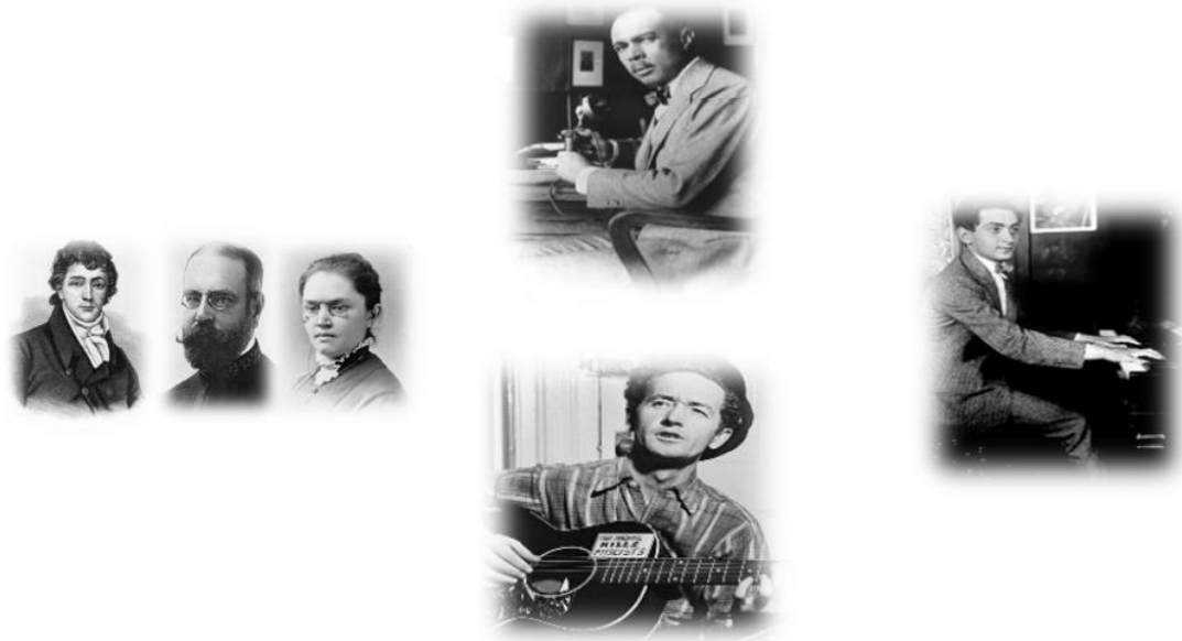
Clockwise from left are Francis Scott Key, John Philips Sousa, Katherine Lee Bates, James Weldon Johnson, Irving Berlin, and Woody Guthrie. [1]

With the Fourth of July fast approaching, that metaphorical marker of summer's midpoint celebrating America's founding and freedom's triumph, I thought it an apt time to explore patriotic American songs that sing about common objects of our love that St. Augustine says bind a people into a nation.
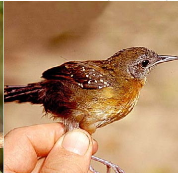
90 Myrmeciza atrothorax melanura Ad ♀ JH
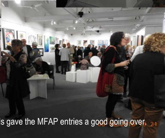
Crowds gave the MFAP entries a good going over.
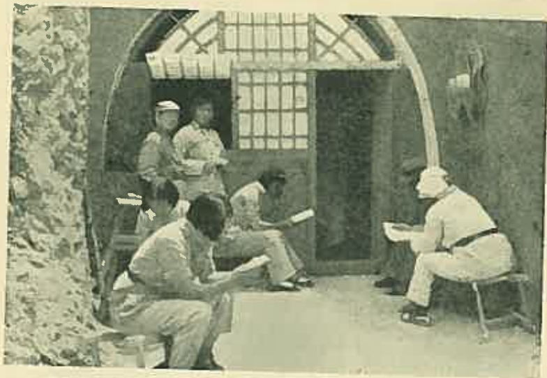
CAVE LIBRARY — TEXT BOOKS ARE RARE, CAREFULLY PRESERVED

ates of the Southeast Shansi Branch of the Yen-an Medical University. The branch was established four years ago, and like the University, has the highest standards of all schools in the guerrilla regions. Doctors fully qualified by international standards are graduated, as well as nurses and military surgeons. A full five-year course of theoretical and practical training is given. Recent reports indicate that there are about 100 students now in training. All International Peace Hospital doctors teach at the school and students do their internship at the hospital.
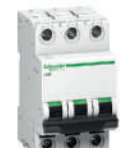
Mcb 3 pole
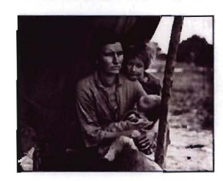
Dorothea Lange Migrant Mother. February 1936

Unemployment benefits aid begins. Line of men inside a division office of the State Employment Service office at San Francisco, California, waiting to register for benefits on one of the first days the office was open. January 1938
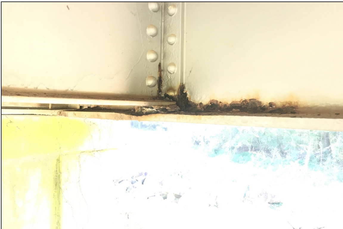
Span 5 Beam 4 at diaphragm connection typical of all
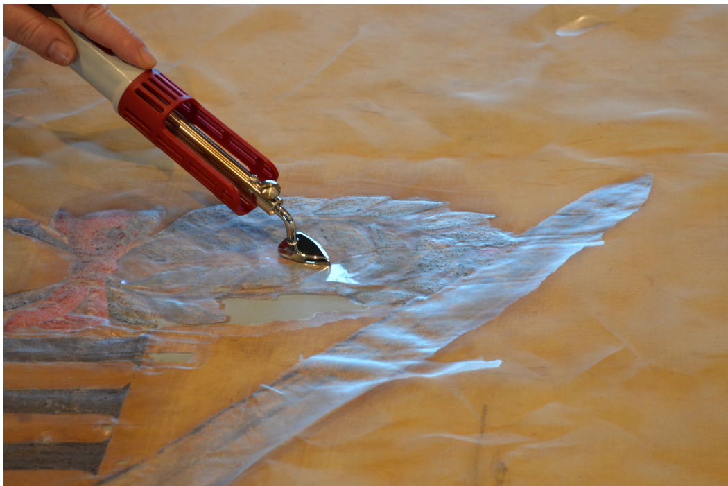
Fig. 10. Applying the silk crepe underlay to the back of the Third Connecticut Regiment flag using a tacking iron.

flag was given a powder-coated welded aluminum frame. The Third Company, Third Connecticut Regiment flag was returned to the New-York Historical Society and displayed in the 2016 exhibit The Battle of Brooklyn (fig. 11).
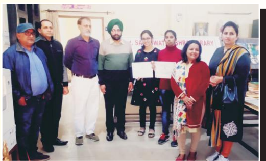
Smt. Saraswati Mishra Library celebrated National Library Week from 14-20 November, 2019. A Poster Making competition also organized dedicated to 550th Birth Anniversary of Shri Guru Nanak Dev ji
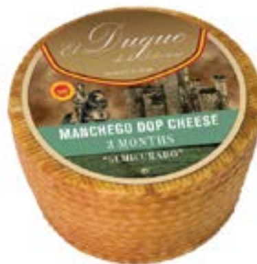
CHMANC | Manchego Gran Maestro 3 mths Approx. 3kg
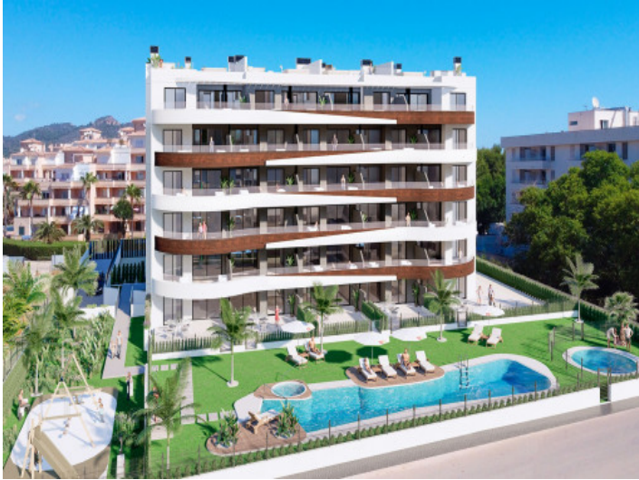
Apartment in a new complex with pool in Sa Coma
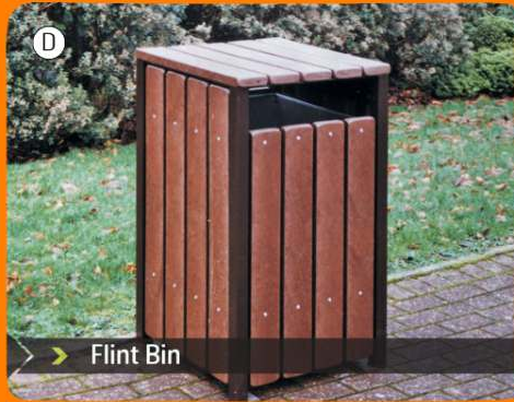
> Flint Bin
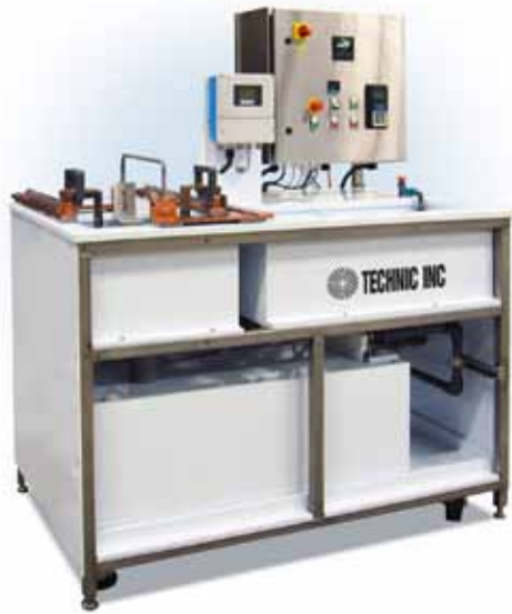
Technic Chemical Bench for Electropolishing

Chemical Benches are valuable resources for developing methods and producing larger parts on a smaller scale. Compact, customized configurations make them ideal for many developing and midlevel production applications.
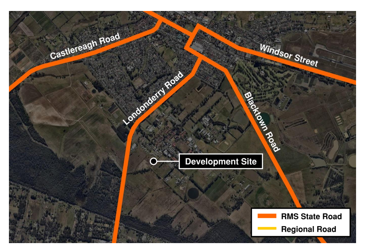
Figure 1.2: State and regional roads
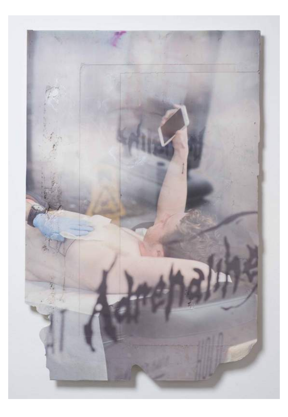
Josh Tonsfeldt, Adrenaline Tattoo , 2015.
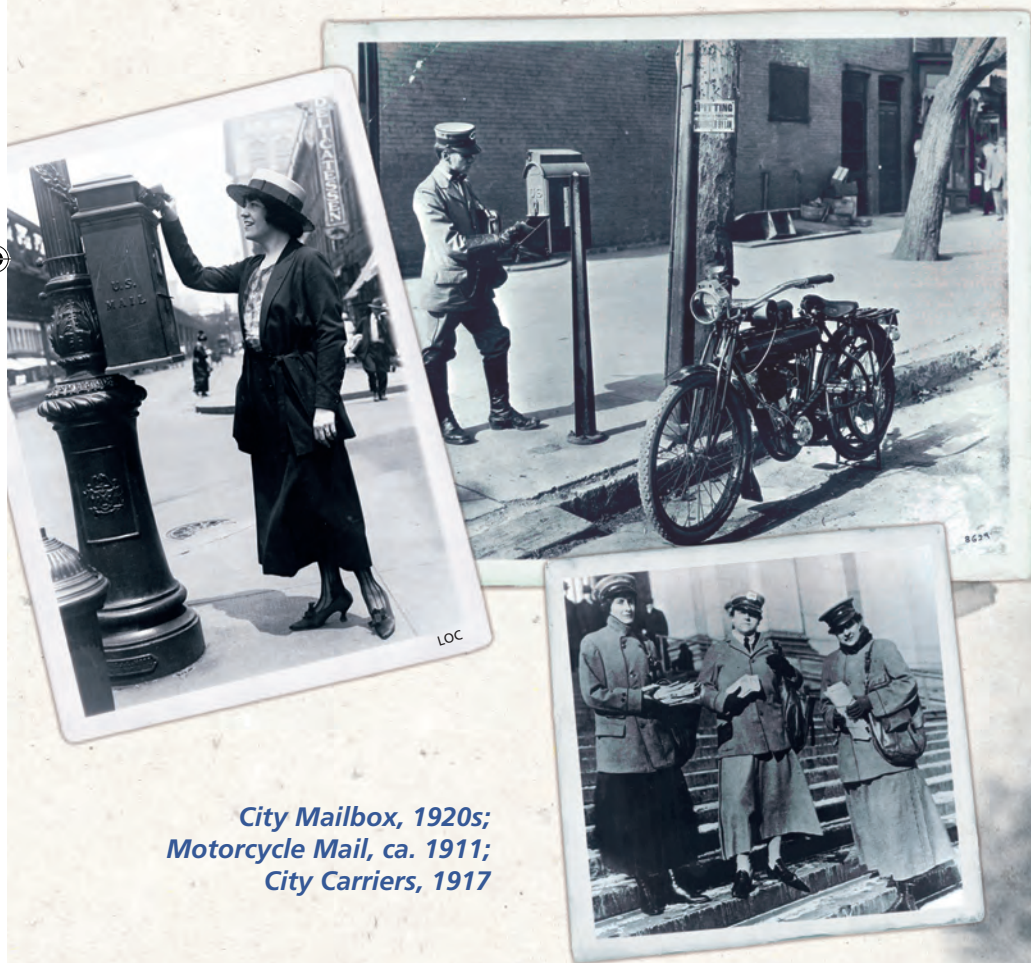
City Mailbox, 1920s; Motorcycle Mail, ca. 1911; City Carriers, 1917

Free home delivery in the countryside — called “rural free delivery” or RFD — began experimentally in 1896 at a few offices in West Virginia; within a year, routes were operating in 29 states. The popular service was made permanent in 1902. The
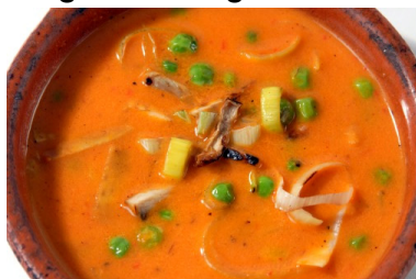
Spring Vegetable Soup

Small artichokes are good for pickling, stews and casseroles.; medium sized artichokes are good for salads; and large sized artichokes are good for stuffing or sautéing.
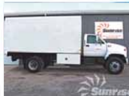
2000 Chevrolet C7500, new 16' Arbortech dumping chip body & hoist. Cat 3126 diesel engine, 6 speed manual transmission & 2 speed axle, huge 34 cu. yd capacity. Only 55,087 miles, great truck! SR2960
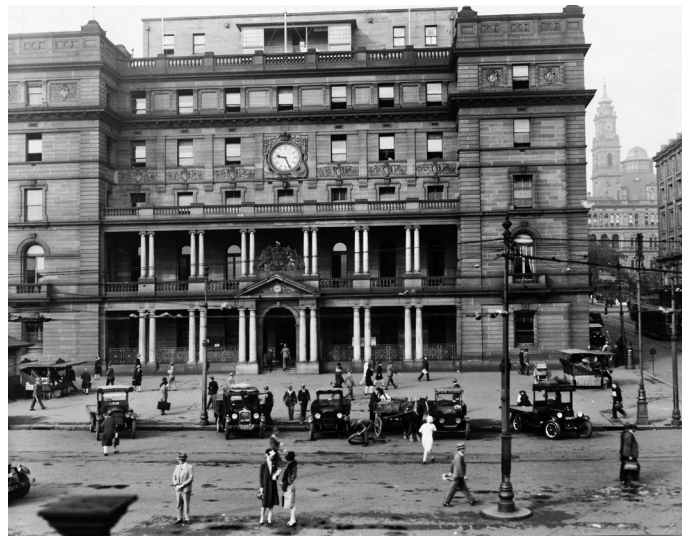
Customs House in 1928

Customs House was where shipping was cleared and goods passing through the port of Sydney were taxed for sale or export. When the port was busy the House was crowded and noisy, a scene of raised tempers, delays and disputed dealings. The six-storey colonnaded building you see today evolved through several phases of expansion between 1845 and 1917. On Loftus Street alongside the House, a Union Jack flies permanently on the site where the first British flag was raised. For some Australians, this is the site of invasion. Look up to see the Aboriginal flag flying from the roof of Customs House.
******
## What you are asked to do
Which of the lines above hold the string "Regiment"? Pick each of them out.

## Solution
Fig. 10. Applying the silk crepe underlay to the back of the Third Connecticut Regiment flag using a tacking iron.
flag was given a powder-coated welded aluminum frame. The Third Company, Third Connecticut Regiment flag was returned to the New-York Historical Society and displayed in the 2016 exhibit The Battle of Brooklyn (fig. 11).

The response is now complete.